U.S. Rep. Gary Ackerman (D-Bayside), whose office was picketed recently by people angry over the health care bill, said the majority of calls he received about the bill were positive. He expected members of the public most upset about the bill to calm down when the initial changes take effect.

“It’s much easier to become frightened than to become reassured,” he said. “Reassurance comes with the onset of reality. … When the boogieman doesn’t show up when the lights are out, eventually you realize it’s OK to go to sleep.”

On the municipal level, City Councilman Dan Halloran (R-Whitestone) assailed the partisan vote as “a legal fiction.”

“It’s a clear rebuke to what the American public wants,” he said. “It’s one step forward for socialism. We had a free market where innovation and competition inspired doctors to pioneer techniques.”

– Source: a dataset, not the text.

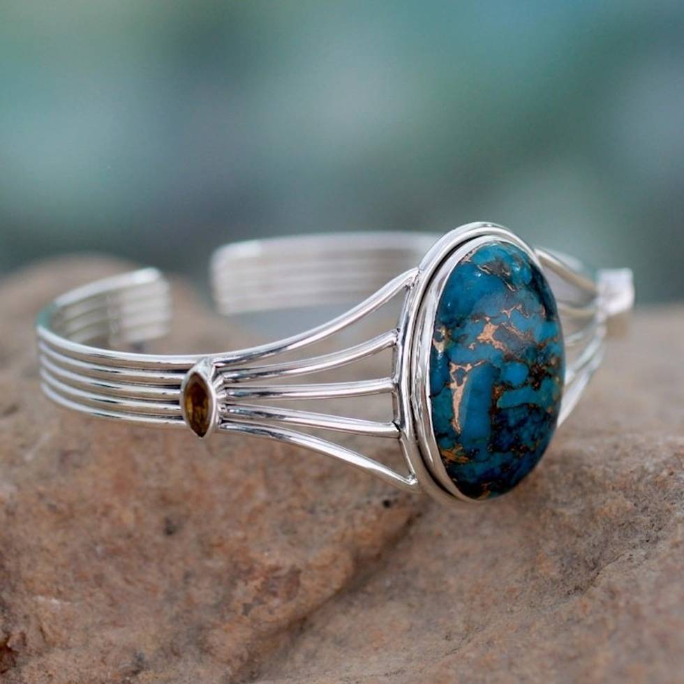 Citrine and Composite Turquoise Silver Cuff Bracelet 'Blue Island' Item ID: 2671793305

Albert Pennisi, president of the Queens Chamber of Commerce, said his members agreed health care reform was necessary, but he worried about how they would be affected by changes in employer-provided health insurance requirements.

“We are starting to hear that businesses with 50 or more employees may not hire more than 50 employees — they won’t expand,” he said. “We want to see how this is going to work in practice rather than theory.”

The passage of the law did not appear to alarm investors. The Dow Jones industrial average climbed by double digits on Monday and Tuesday.